EXERCISE: Filter these records by the string "formation", copying each line that holds it.
Top of RECORDS SHOWN
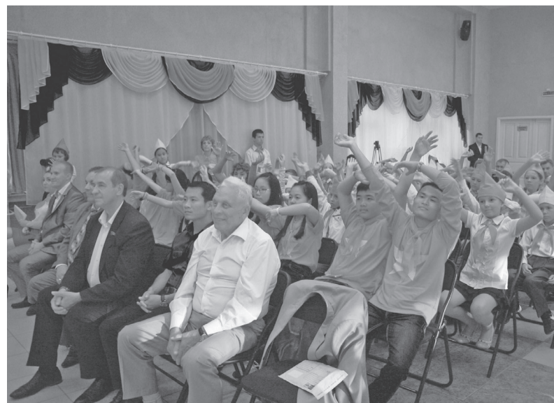
Исполнителям очередного номера помогает весь зал
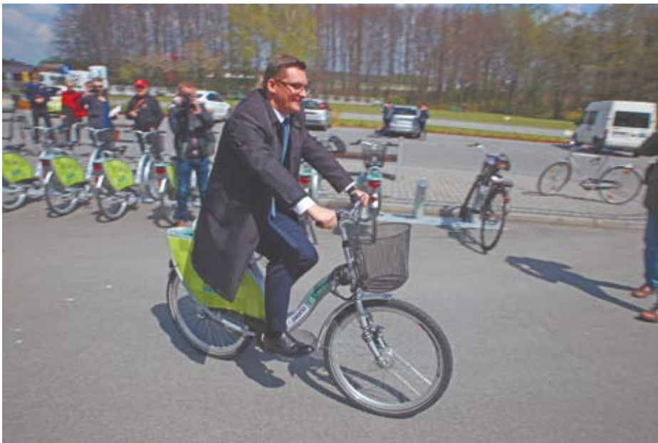
Prezydent otworzył jedną z 10 dostępnych w mieście stacji rowerowych
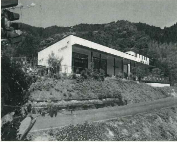
大江ノ郷自然牧場

八頭町にある名所や店舗を巡りながら、ウォーキングを行う。ぷらっとぴあ・やず→大江ノ郷自然牧場→船岡竹林公園→隼駅が主なルート。帰りは、若桜鉄道を利用し、郡家駅まで戻る。隼駅で終わりの会（鳥取まで若桜鉄道を利用される方のため）を行い 16時に解散予定。
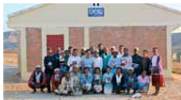
Les adultes de la formation nutritionnelle

Mais nous voulions aussi attaquer le problème de malnutrition à la base. Les habitudes alimentaires des familles qui vivent en brousse laissent à désirer. Nous avons décidé de leur faire goûter d'autres plats et de les motiver à utiliser des ingrédients plus variés. Une formation appropriée des parents peut résoudre bien des problèmes nutritionnels des enfants, nous en sommes convaincus.
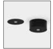
Caixas de alimentação
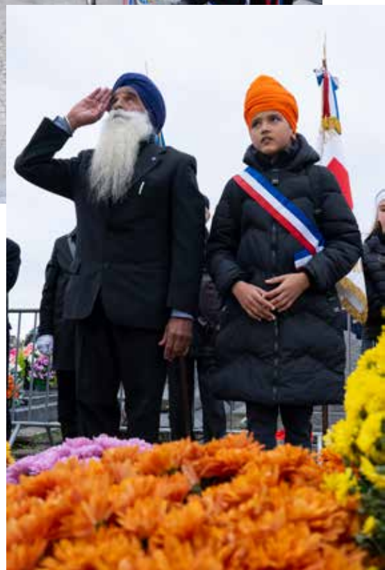
▲ Drancy a commémoré le 107 e anniversaire de l'Armistice du 11 novembre 1918. Élus, anciens combattants, porte-drapeaux, écoliers, associations et habitants se sont réunis pour honorer la mémoire de celles et ceux qui sont tombés pour la paix et la liberté.
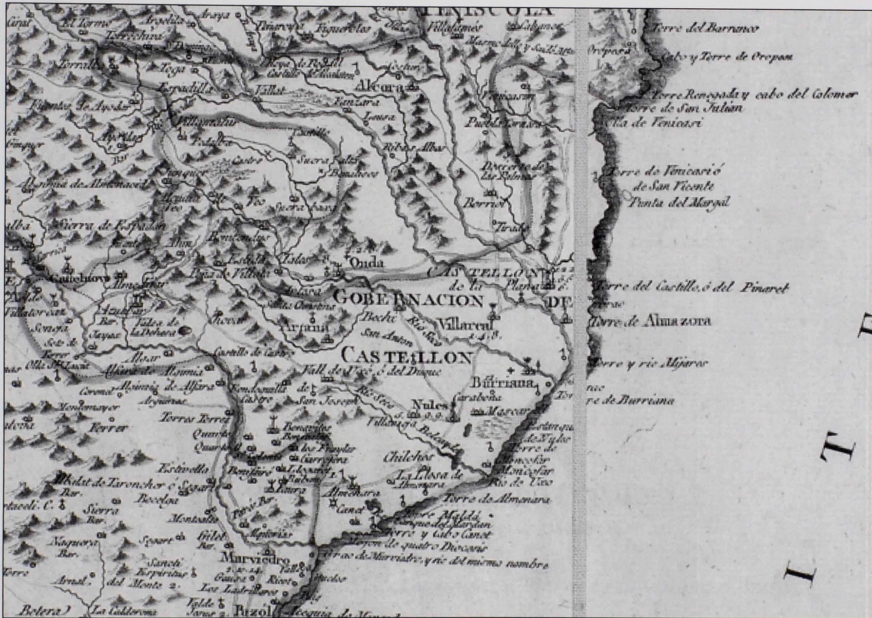
Imagen 6: Fragmento del mapa del reino de Valencia de 1788. Véase nota 189.
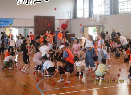
ゲームに挑戦！元気いっぱいの児童
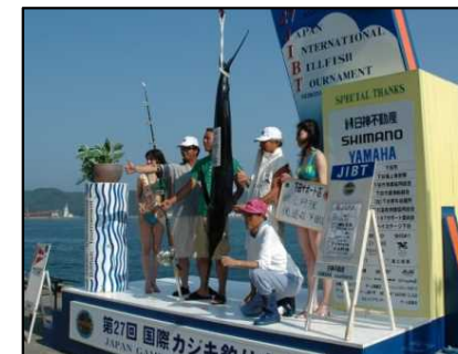
国際カジキ釣り大会
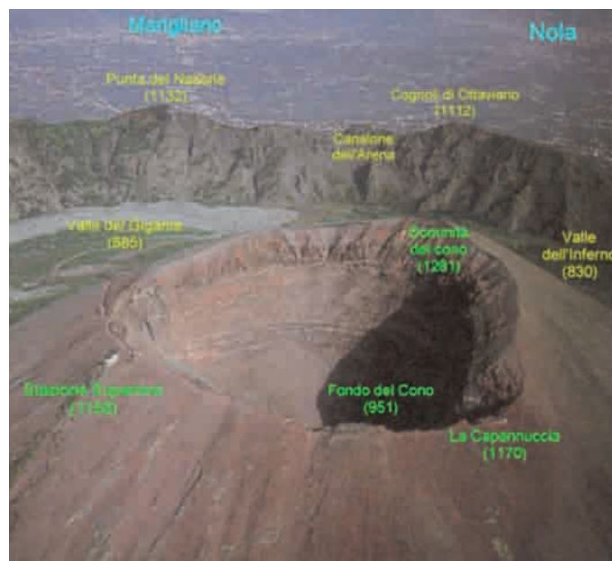
La complessa orografia del cratere vesuviano.

«Il dibattito principale nello sviluppo del piano di evacuazione nasce dalle opinioni contrastanti riguardo le circostanze per cui dovrebbe essere attivato e le azioni che il piano dovrebbe comportare. Alcuni sostengono che il piano dovrebbe fare fronte al solo scenario catastrofico, mentre altri propongono per un piano più flessibile, capace di fornire soluzioni differenti sulla base della portata dell'evacuazione», afferma Gasparini.
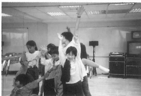
▲圖五六 全班作一棵大樹。
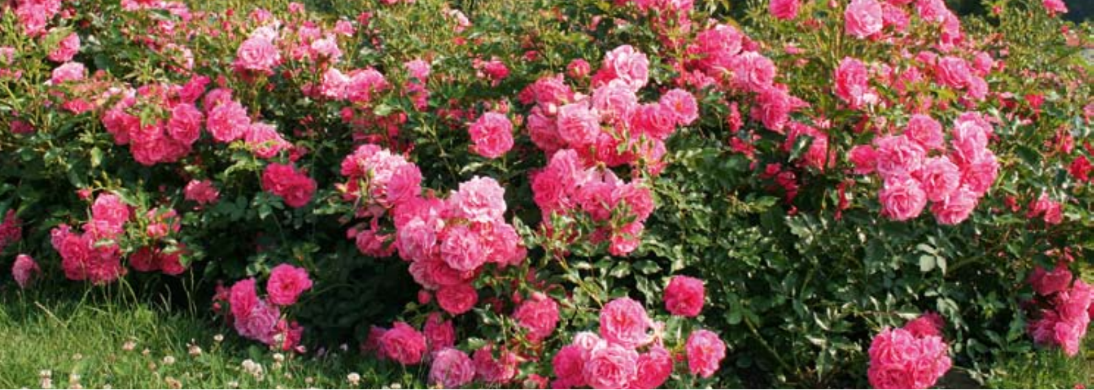
'Heidtraum' (Noack, 1988)
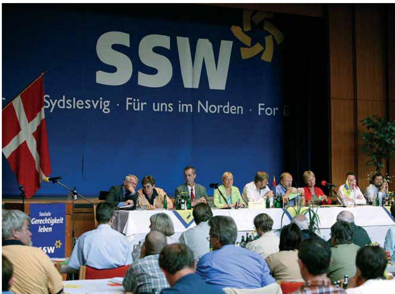
Et glimt fra SSW's landsmøde.

andre«. Vi lever af solidariteten inden for mindretallet, men styrken i SSW's politik er, at vore politiske mål ikke går ud på at være lobby for mindretallet, men at forandre det slesvig-holstenske samfund på en sådan måde, at det bliver et bedre sted for både mindretal og flertal.
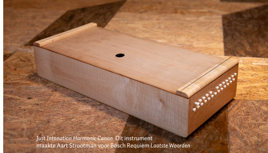
Just Intonation Harmonic Canon. Dit instrument maakte Aart Strootman voor Bosch Requiem Laatste Woorden

8 [5] De een verdrinkt, een ander springt Een derde drinkt zich dood De een sterft in de Efteling Een ander in de goot De een die krijgt een ongeluk Iets stoms in het verkeer De een die gaat van binnen stuk Een ander valt zo neer Bij allen kwam het hier op neer Het hart deed het niet meer Daar komt de dood op neer Het hart doet het niet meer
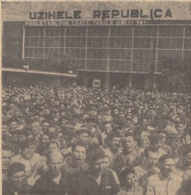
În Capitală și în țară continuă să aibă loc mitinguri în care oamenii muncii aprobă și sprijină pe deplin poziția justă a Uniunii Sovietice în tratativele de la Paris, condamnînd totodată politica agresivă a cercurilor reacționare imperialiste din S.U.A. În disșeu: mitingul de la Uzinele „Republica” din Capitală.

La 24 mai a avut loc a doua ședință a Consiliului de Securitate.
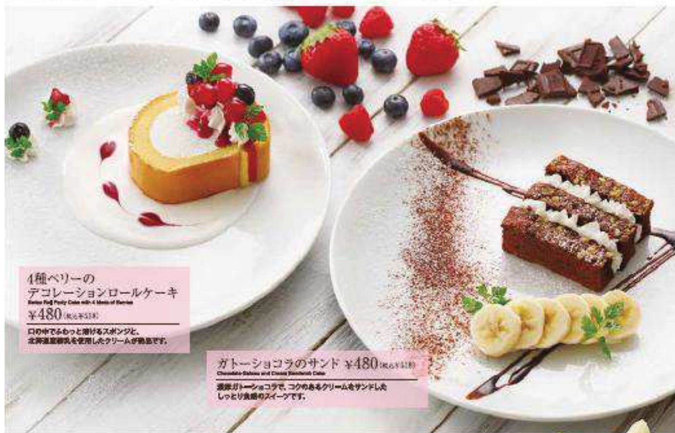
4種ベリーの デコレーションロールケーキ Baked Pink Party Cake with 4 kinds of Berries
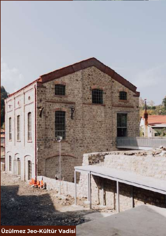
Üzülmez Jeo-Kültür Vadisi
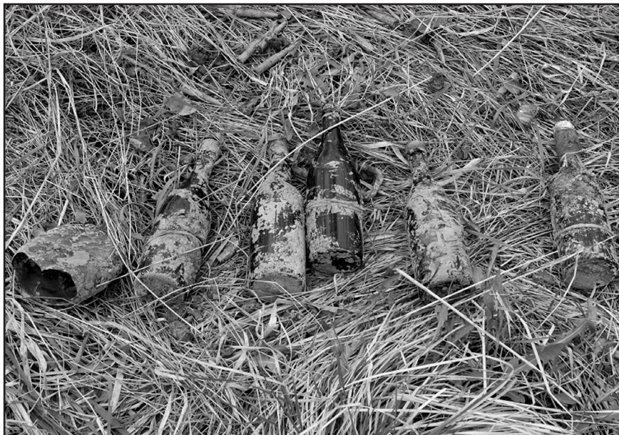
Бутылки с коктейлем Молотова

Вновь поступил приказ сменить позиции. Новым участком оказались позиции отошедшего в тыл Гусевского тринадцатого кавалерийского корпуса под станцией Глубочкой. Вся 2-я ударная армия занимала по фронту уже не больше 150 километров. В окружении людей заметно поубавилось. От позиций полка до позиций ближайших соседей по прямой было чуть больше четырёх километров. Для связи к ним периодически отправляли свя-
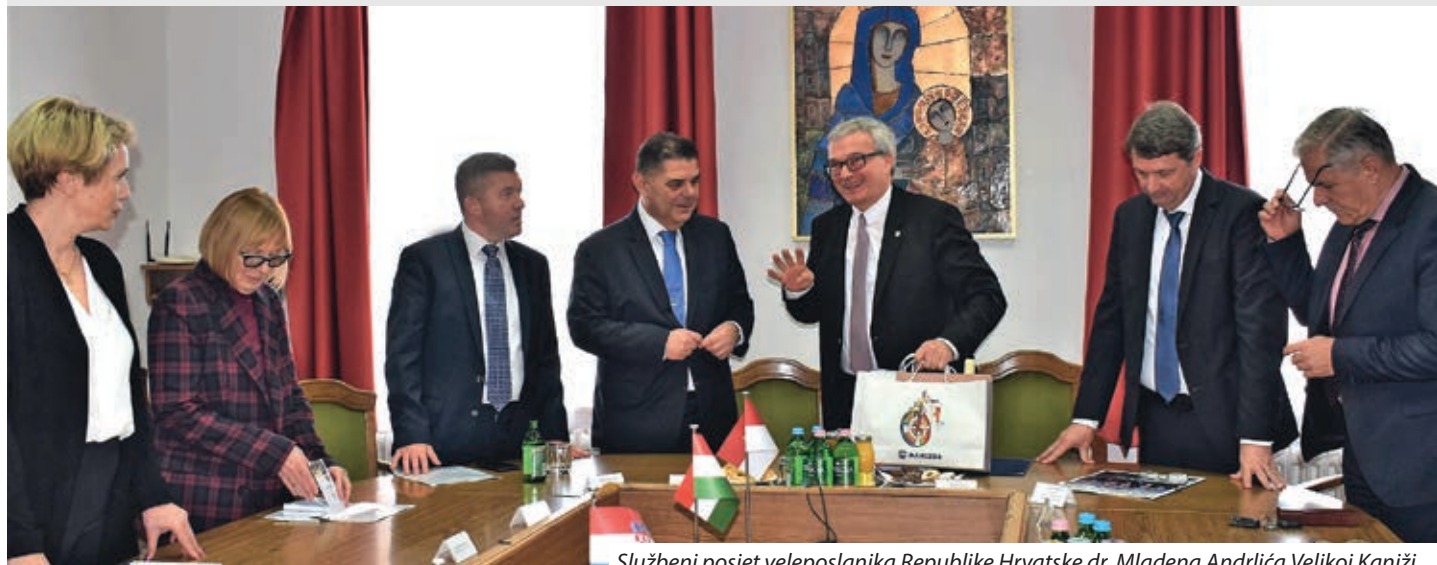
Službeni posjet veleposlanika Republike Hrvatske dr. Mladena Andrića Velikoj Kaniži

U vrijeme epidemije koronavirusa, dok su se s ciljem suzbijanja zaraze diljem svijeta uvodile drastične mjere, uključujući i zatvaranje granica, diplomatske su misije imale posebnu ulogu. Kako doznajemo od počasnog konzula Republike Hrvatske u Velikoj Kaniži dr. Atila Kosa, hrvatska diplomatska predstavništva u Mađarskoj su komunikaciju između dvije zemlje u vrijeme zatvaranja hrvatsko-mađarske granice provodila na vrlo visokoj razini, izvješćujući građane o epidemiološkoj situaciji u obje države i pružajući pomoć svima koji su zbog bilo kojeg razloga ostali u inozemstvu i željeli se vratiti u domovinu.
Bottom of RECORDS SHOWN
PROBLEM SOLUTION:
Les adultes de la formation nutritionnelle
Mais nous voulions aussi attaquer le problème de malnutrition à la base. Les habitudes alimentaires des familles qui vivent en brousse laissent à désirer. Nous avons décidé de leur faire goûter d'autres plats et de les motiver à utiliser des ingrédients plus variés. Une formation appropriée des parents peut résoudre bien des problèmes nutritionnels des enfants, nous en sommes convaincus.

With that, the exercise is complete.